* WHAT IS BEING ASKED:
All of the data should be reproduced word for word, though its pictures must be omitted.

* EXERCISE MATERIAL:
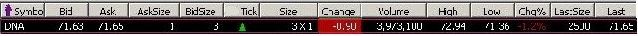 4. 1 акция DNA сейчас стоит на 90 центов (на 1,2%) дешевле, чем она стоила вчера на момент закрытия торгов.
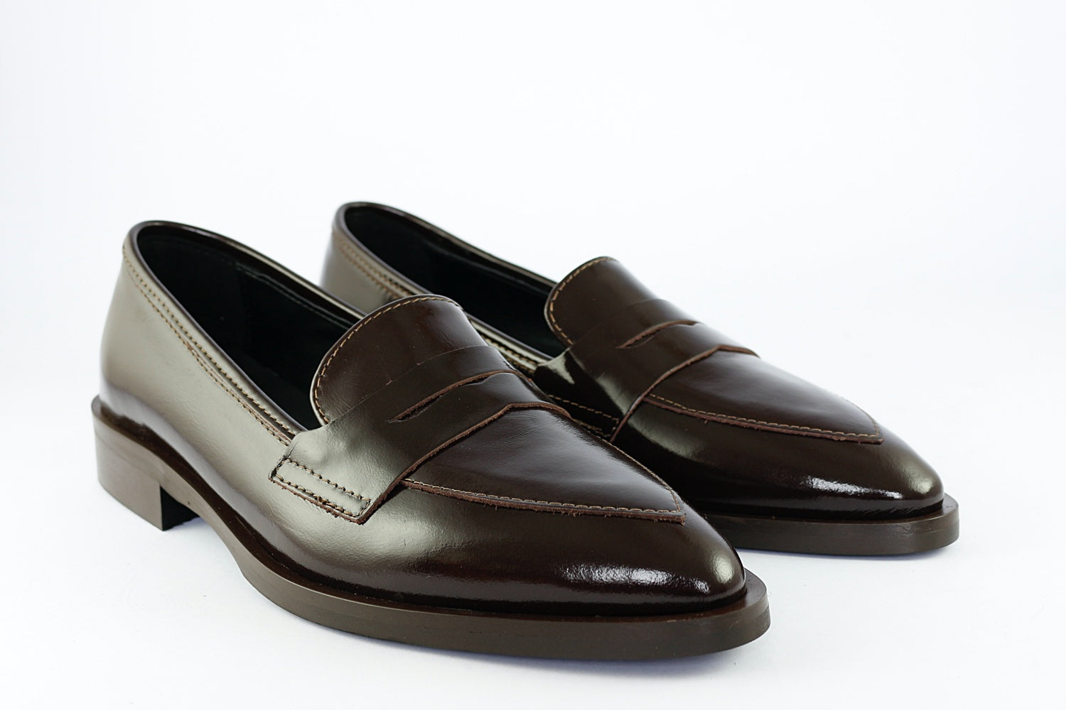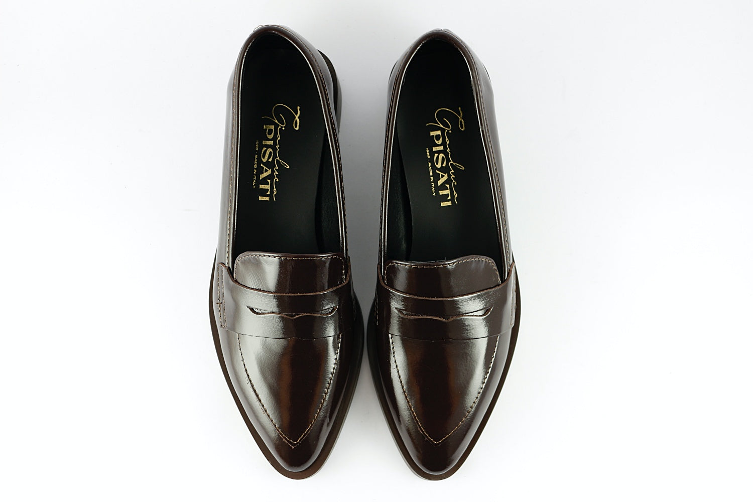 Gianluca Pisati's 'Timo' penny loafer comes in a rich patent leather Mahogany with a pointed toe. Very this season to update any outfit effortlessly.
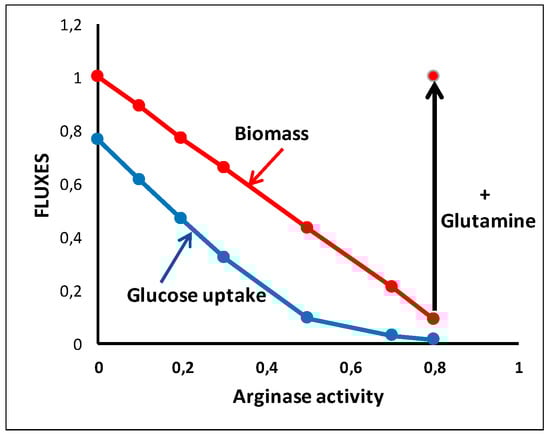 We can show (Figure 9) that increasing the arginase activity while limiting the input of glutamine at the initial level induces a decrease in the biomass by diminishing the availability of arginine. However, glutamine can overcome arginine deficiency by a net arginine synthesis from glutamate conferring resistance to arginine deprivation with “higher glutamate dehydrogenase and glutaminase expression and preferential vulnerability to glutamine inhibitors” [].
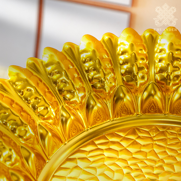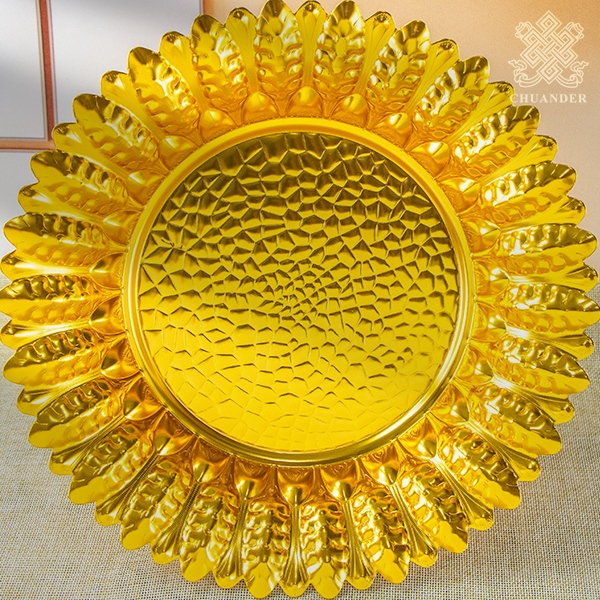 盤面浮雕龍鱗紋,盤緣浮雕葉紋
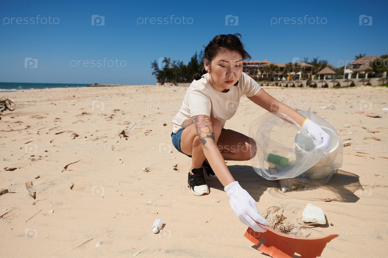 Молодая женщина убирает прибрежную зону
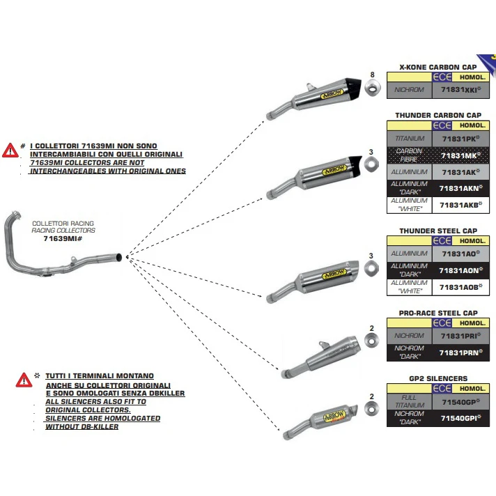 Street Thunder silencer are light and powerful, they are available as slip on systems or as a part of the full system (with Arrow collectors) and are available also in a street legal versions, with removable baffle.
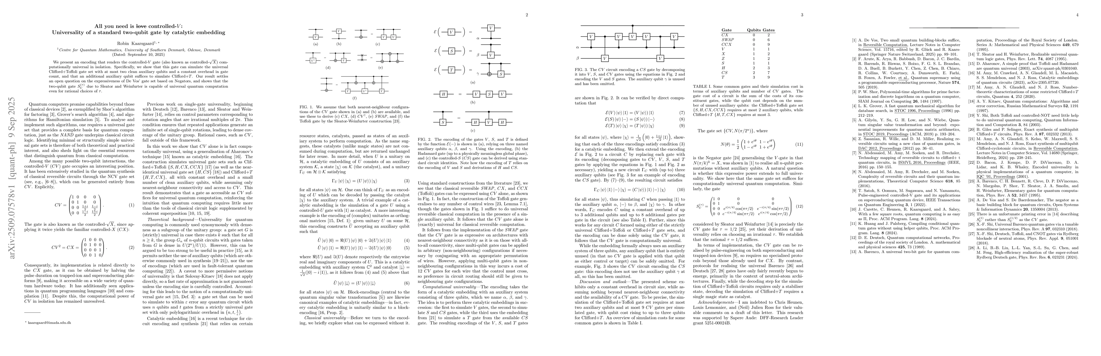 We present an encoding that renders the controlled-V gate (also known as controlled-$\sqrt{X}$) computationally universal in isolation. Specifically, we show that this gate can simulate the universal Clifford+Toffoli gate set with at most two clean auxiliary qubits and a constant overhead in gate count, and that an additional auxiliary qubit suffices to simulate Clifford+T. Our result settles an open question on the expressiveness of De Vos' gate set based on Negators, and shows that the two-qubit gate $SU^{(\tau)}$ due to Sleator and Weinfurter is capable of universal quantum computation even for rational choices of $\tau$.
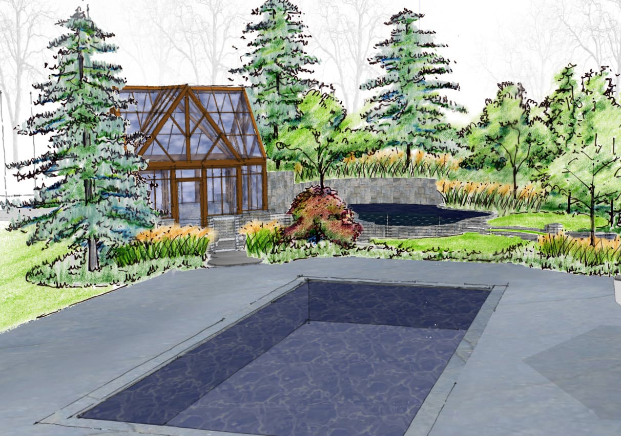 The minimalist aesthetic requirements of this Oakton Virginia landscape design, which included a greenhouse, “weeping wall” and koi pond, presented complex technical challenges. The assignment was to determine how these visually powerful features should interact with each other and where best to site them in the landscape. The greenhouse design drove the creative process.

* TASK RESULT:
 4. 1 акция DNA сейчас стоит на 90 центов (на 1,2%) дешевле, чем она стоила вчера на момент закрытия торгов.
 Gianluca Pisati's 'Timo' penny loafer comes in a rich patent leather Mahogany with a pointed toe. Very this season to update any outfit effortlessly.
 We can show (Figure 9) that increasing the arginase activity while limiting the input of glutamine at the initial level induces a decrease in the biomass by diminishing the availability of arginine. However, glutamine can overcome arginine deficiency by a net arginine synthesis from glutamate conferring resistance to arginine deprivation with “higher glutamate dehydrogenase and glutaminase expression and preferential vulnerability to glutamine inhibitors” [].
 盤面浮雕龍鱗紋,盤緣浮雕葉紋
 Молодая женщина убирает прибрежную зону
 Street Thunder silencer are light and powerful, they are available as slip on systems or as a part of the full system (with Arrow collectors) and are available also in a street legal versions, with removable baffle.
 We present an encoding that renders the controlled-V gate (also known as controlled-$\sqrt{X}$) computationally universal in isolation. Specifically, we show that this gate can simulate the universal Clifford+Toffoli gate set with at most two clean auxiliary qubits and a constant overhead in gate count, and that an additional auxiliary qubit suffices to simulate Clifford+T. Our result settles an open question on the expressiveness of De Vos' gate set based on Negators, and shows that the two-qubit gate $SU^{(\tau)}$ due to Sleator and Weinfurter is capable of universal quantum computation even for rational choices of $\tau$.
 The minimalist aesthetic requirements of this Oakton Virginia landscape design, which included a greenhouse, “weeping wall” and koi pond, presented complex technical challenges. The assignment was to determine how these visually powerful features should interact with each other and where best to site them in the landscape. The greenhouse design drove the creative process.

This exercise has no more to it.